Mysuru Local Planning Area is the metropolitan area limit defined in City Development Plan 2031 by Mysore Urban Development Authority. Mysuru Planning Area is divided into 45 planning districts spanning across the Taluks of Mysore, Nanjangud and Srirangapatna of Mandya district. As per City Development Plan 2031, this metropolitan area covers 509sq.km of area and has a population of 1,696,577.

The boundaries of the metropolitan region is described in City Development Plan 2031. The area consists of Mysuru City Corporation area, Nanjangud City Municipal Council, Hootagalli City Municipal Council, Town Panchayats of Bhogadi, Srirampura, Rammanahalli, Kadakola, several villages in Mysuru Taluk, 19 villages in Nanjangud Taluk and 13 villages in Srirangapatna Taluk.

== Administration ==
Urban growth and expansion is managed by the Mysore Urban Development Authority (MUDA), which is headed by a commissioner. Its activities include developing new layouts and roads, town planning and land acquisition. One of the major projects undertaken by MUDA is the creation of an Outer Ring Road to ease traffic congestion. CDP 2031 aims to preserve heritage sites in Mysuru, strengthen economy, balance land use, make city slum free, maintaining and widening of roads and street lighting, develop eco-planning districts with agricultural zones, providing a metro rail system and more. Major proposals in CDP 2031 include decentralization of commercial district, satellite townshipat Jayapura and Yelawala and expansion of airport. CDP 2031 also defines various regulations for different types of buildings and structures for residential, commercial, industrial and other uses.
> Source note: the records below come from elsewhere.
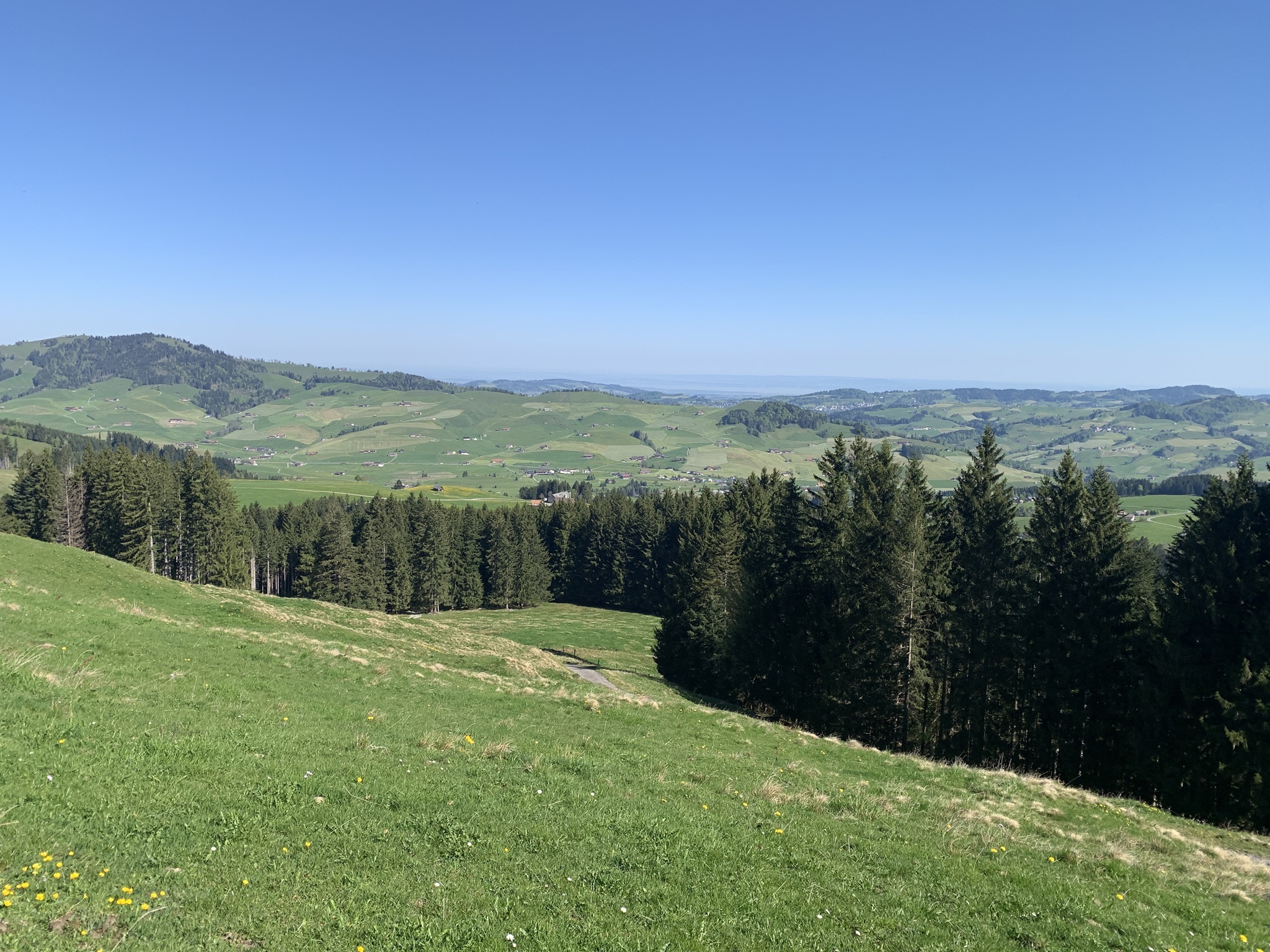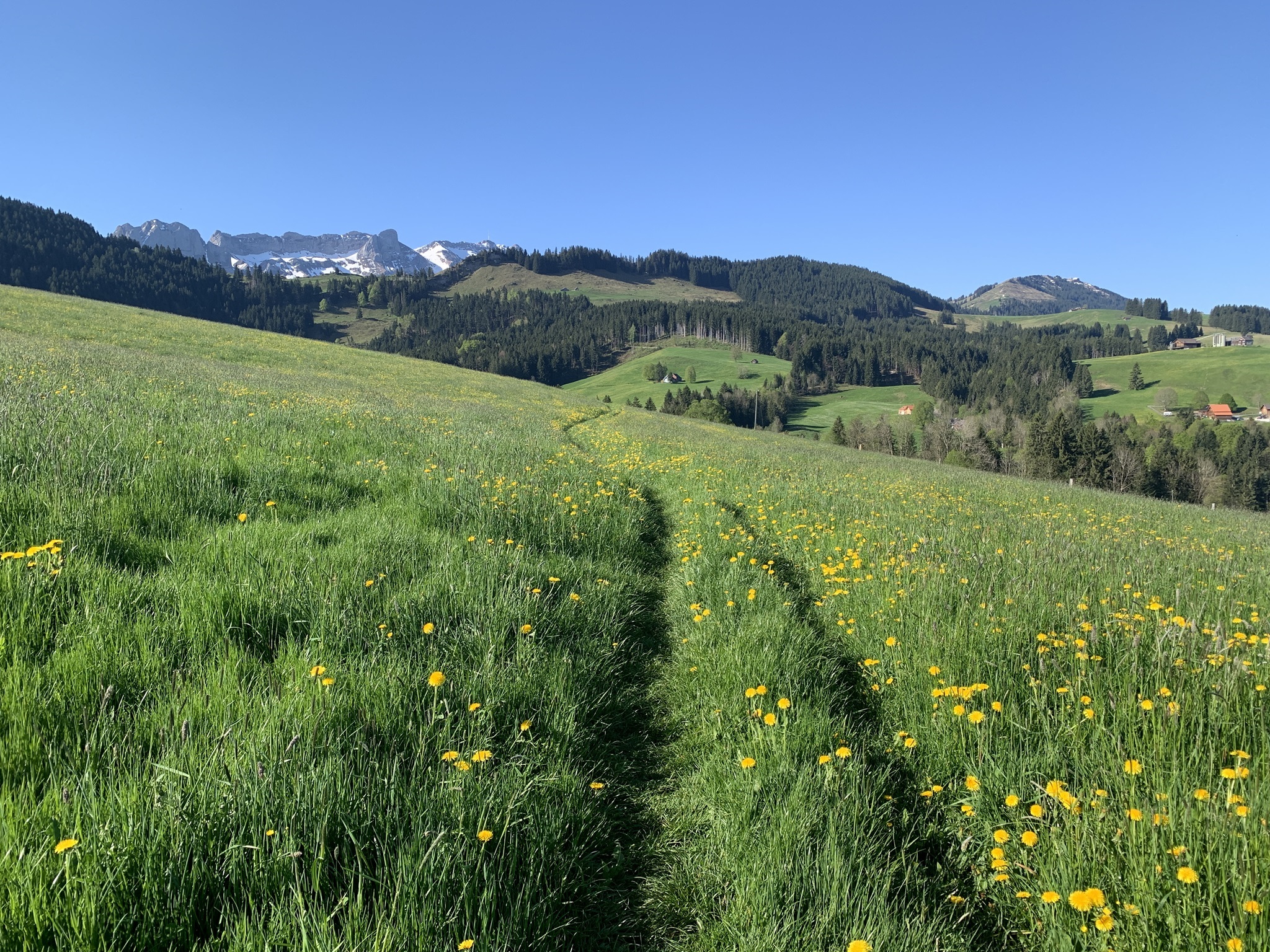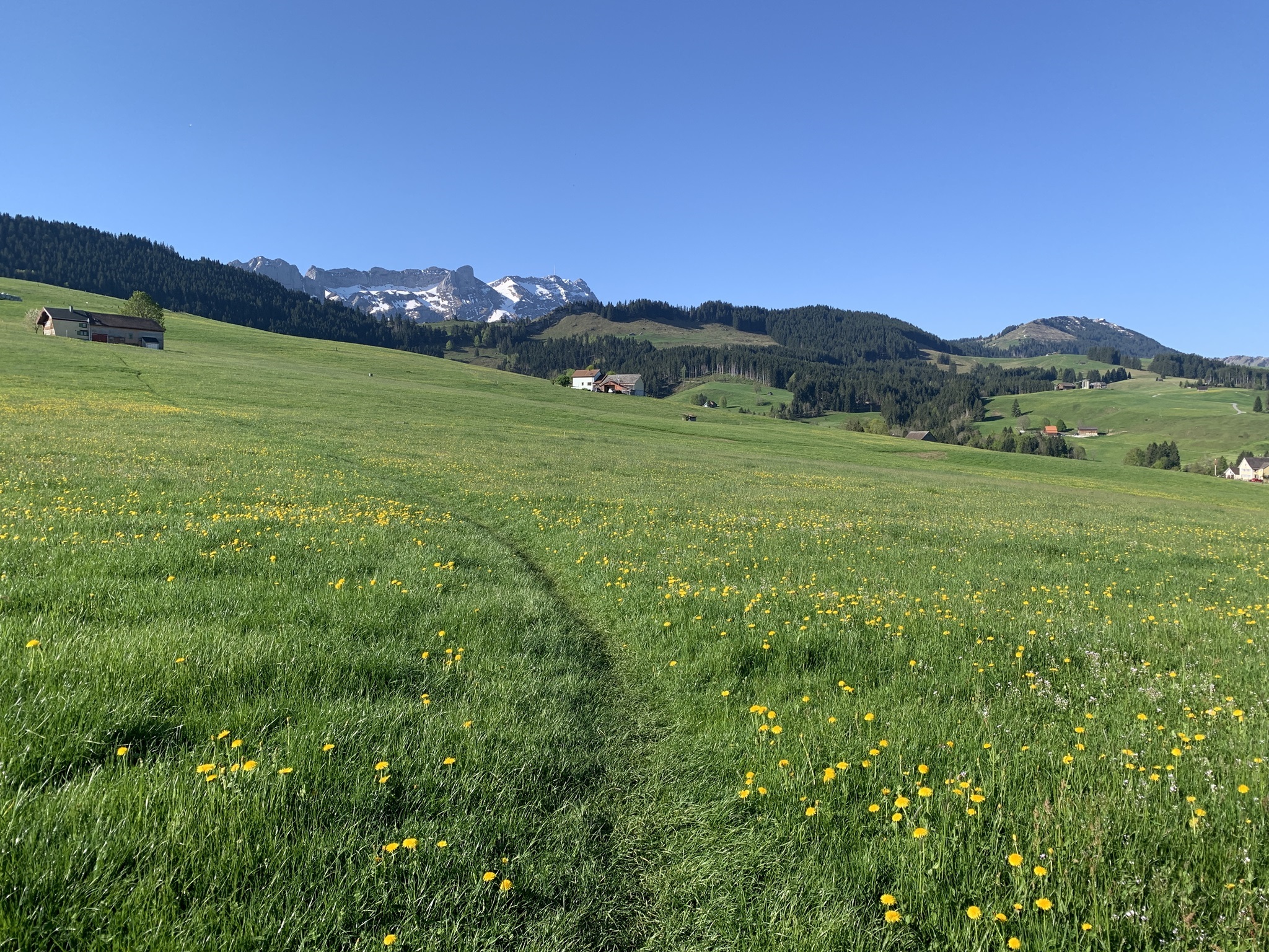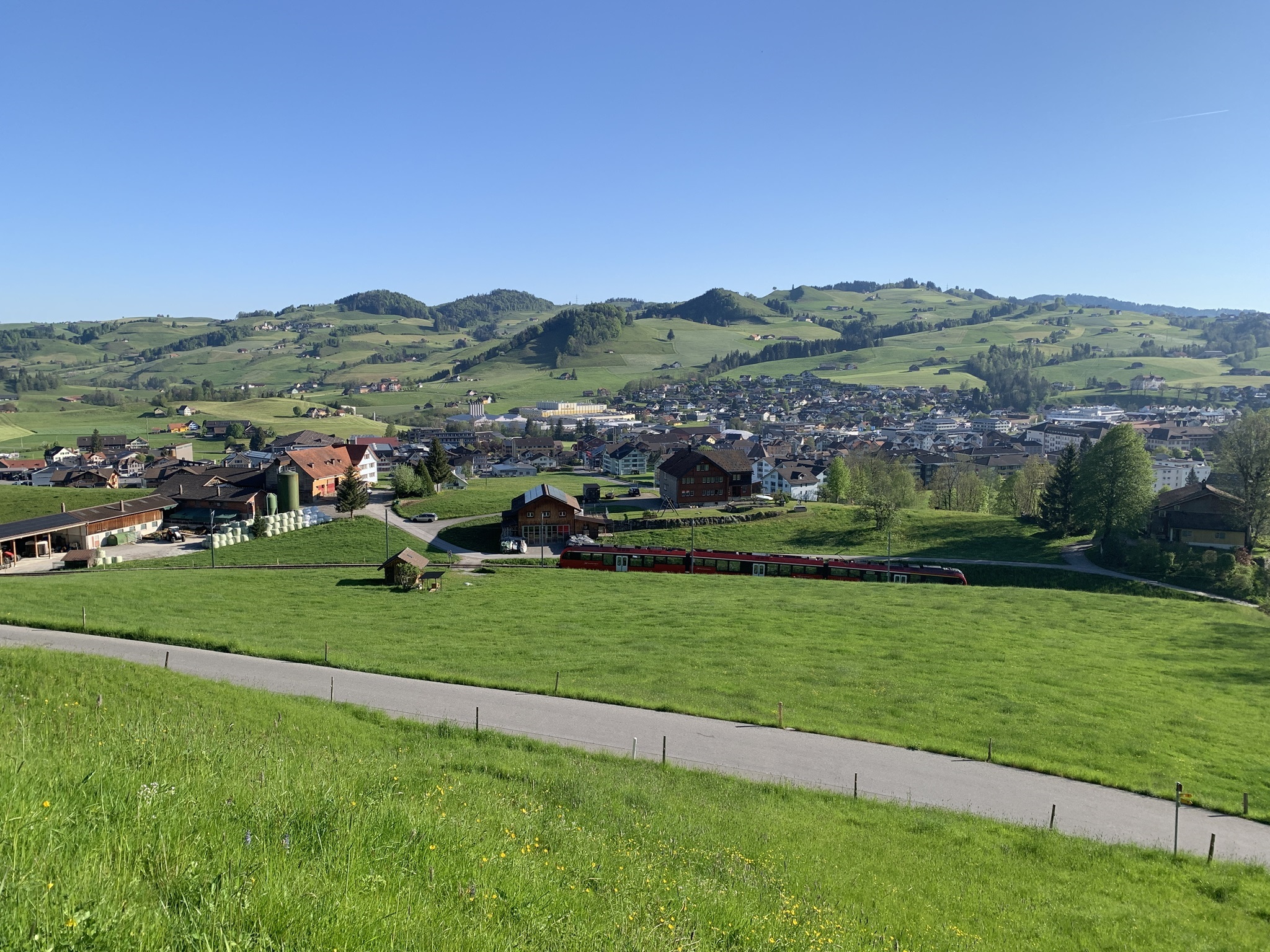 Zuerst geht es durch Appenzell, aber nach dem die Bahnlinie überquert ist geht steil durch einen Wald, danach über Wiesen zum sehr schön gelegenem Campingplatz Eischen. Schon hier sind die Weitblicke faszinierend!
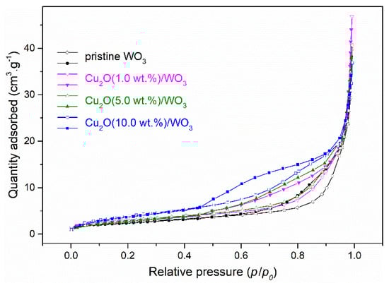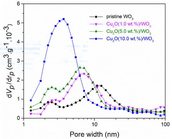 The specific surface area estimated according to BET (Brunauer, Emmett and Teller) analysis and porosity of the prepared photocatalysts were investigated by nitrogen adsorption–desorption. Figure 6 and Figure 7 show the nitrogen adsorption–desorption and the corresponding pore-size distribution, respectively. The BET surface areas of prepared Cu2O (x wt %)/WO3 were 9.1, 10.7, 11.3, and 14.3 m2 g−1 with the weight percent values of x = 0.0, 1.0, 5.0, and 10.0, respectively. With the increasing concentration of Cu2O, the surface areas of the samples slightly increased. Increasing specific surface normally implies enhancement in photocatalytic activity due to a higher number of available active sites [41]. Systems with the hierarchical porous structure may obey this simple law in specific cases [42] when the surface area is the only difference between compared materials, while the interplay of the effects of the structural features contributing at various morphology hierarchical levels can be more complicated [43]. It can be observed that all prepared photocatalysts exhibited type IV isotherm according to IUPAC (International Union of Pure and Applied Chemistry) classification, implying the presence of mesoporous structure. At the relative pressure range of 0.5–0.9, the shape of the hysteresis loop of samples was that of type H3, indicating the presence of slit-like pores [44]. The mesoporous pore-size distribution was very broad and ranged from 2 to 60 nm. The pore volume distribution curve had a bimodal characteristic with the main maximum of the pore width about 10 nm and a smaller peak at about 2–3 nm for pure WO3. The addition of Cu2O decoration did not influence the position of the smaller peak, but the main maximum was shifted to lower values (6–7 nm) for Cu2O (1 and 5 wt %)/WO3 nanocomposites. The two peaks merged into one with the maximum of pore width at 2 nm for Cu2O (10 wt %)/WO3 nanocomposite.
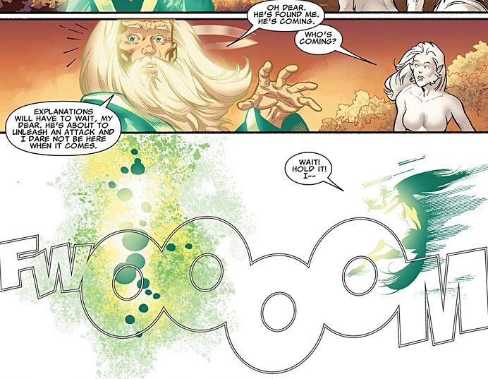 High above him, the white wolf Vanora is watching. Vanora is Wolfsbane’s daughter from another dimension. She was brought to Earth through a variety of means, and she’s being led by the elder Damian Tryp, who is part of some bigger storyline that PAD is writing. Tryp brought Vanora here to help her brother Tier…at least I think that’s why they’re there. Tryp would explain more, except somebody is about to launch an attack and he disappears in a burst of energy. This has been Tryp’s M.O. for several issues now. He’s got this big mystery going, but PAD hasn’t revealed even the tiniest hint of what’s happening. At this point, it’s just annoying. A good mystery stays interesting when you tease the eventual outcome. Saying that some mystery person is launching an attack does not tease anything. Especially since this is the first we’ve heard that somebody is searching for Tryp and would attack him.
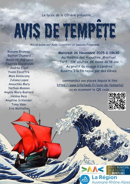 Avis de tempête est un montage composé par ls élèves de 1ère option théâtre lycée de la Côtière Venez découvrir ls talents de cette troupe qui...
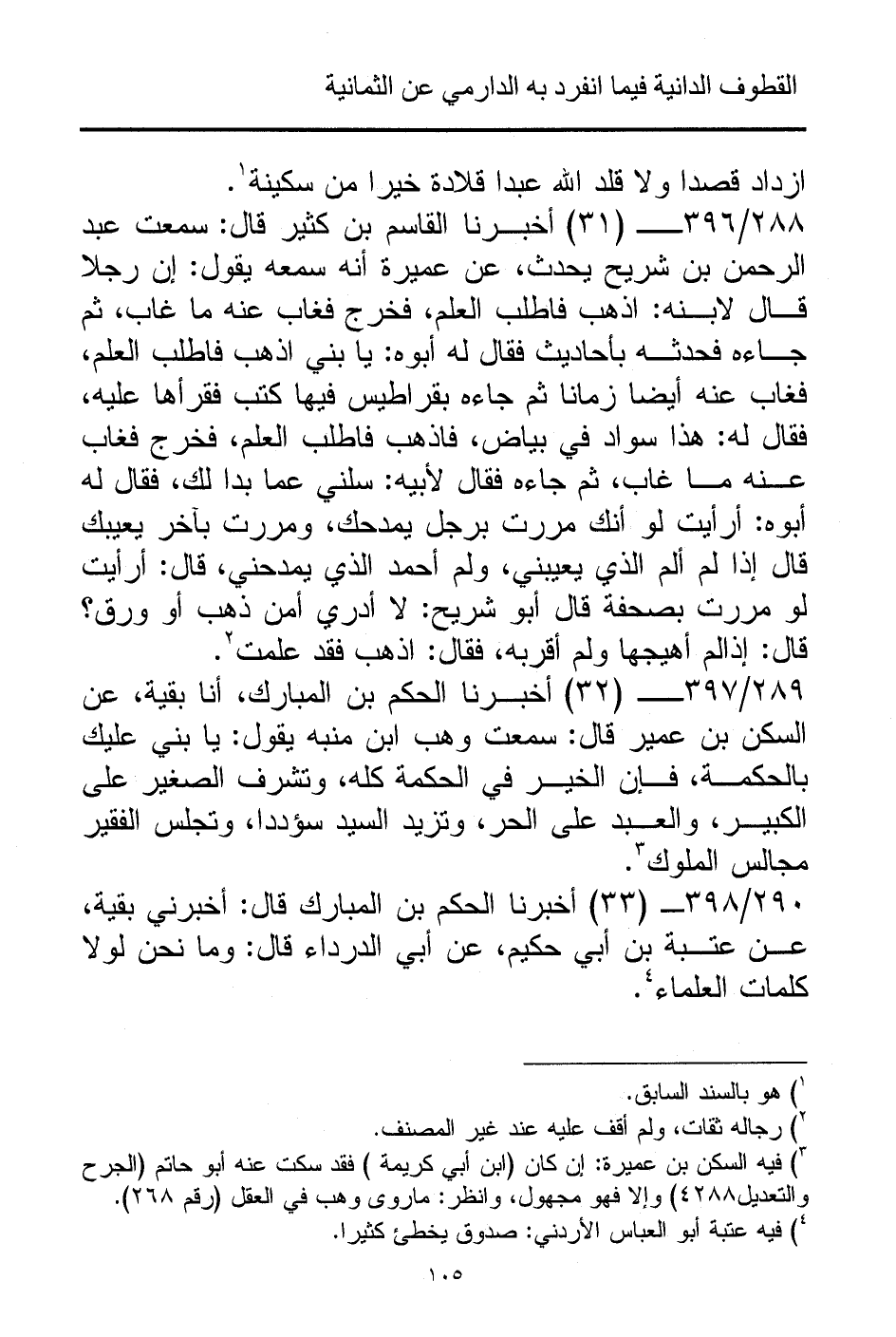 290/ 398 - (33) أخبرنا الحكم بن المبارك قال: أخبرني بقية، عن عتبة بن أبي حكيم، عن أبي الدرداء قال: وما نحن لولا كلمات العلماء (¬4).

The local planning area can be divided into 4 parts:

1. Mysuru Urban Agglomeration area consisting of Mysuru City Corporation, Hootagalli City Municipal Council, Bhogadi Town Panchayat, Srirampura Town Panchayat, Rammanahalli Town Panchayat, Kadakola Town Panchayat and Outgrowths.
2. Nanjangud Area made up City Municipal Council of Nanjangud and surrounding villages
3. KRS Area made up of villages in Shrirangapatna taluk surrounding Mysuru Urban Agglomeration
4. Mysuru Rural Area made up of villages in Mysuru Taluk

The area is divided into 45 planning districts.

== Demographics ==
As per CDP 2031, the local planning area has a population of 1,696,577 as per 2011 census. Mysuru UA has population of 1,060,120 as per 2011 census. Nanjangud had population of 50598 as of 2011 census. Projected population of KRS Area of Srirangapatna Taluk is 16,593, Rural area in LPA is 188,444.

== Economy ==
Major industrial areas are Thandavapura, Nanjangud Industrial Areas in Nanjangud Taluk as well as Hebbal, Belavadi, Hootgalli, Koorgalli, Belagola and Metagally Industrial Areas of Mysuru Taluk. Important industries include Bharat Earth Movers Limited, Kirloskar, Vikrant, Tyres, Jay Bearings, Automotive Axles, AT&S, Nestle, granite cutting industries, Reid and Taylor, cement building blocks and TVS. The area is also home to IT companies such as Infosys, Wipro, L&T, SPI, etc. Mysore has traditionally been home to industries such as weaving, sandalwood carving, bronze work and the production of lime and salt. Nanjangud Industrial area also boasts being 2nd highest VAT / Sales Taxpayer which is more than ₹4 billion after Peenya which is in state capital Bangalore. JK Tyre has its manufacturing facility in Mysore. The major software companies in Mysore are Infosys, ArisGlobal, Larsen & Toubro Infotech, Excelsoft Technologies and Triveni Engineering. The growth of the information technology industry in the first decade of the 21st century has resulted in the city emerging as the second largest software exporter in Karnataka (as of), next to Bangalore. Mysore also hosts many central government organizations like CFTRI, DFRL, CIPET, BEML, RMP (Rare Material Project), RBI Note printing Press and RBI Paper Printing Press.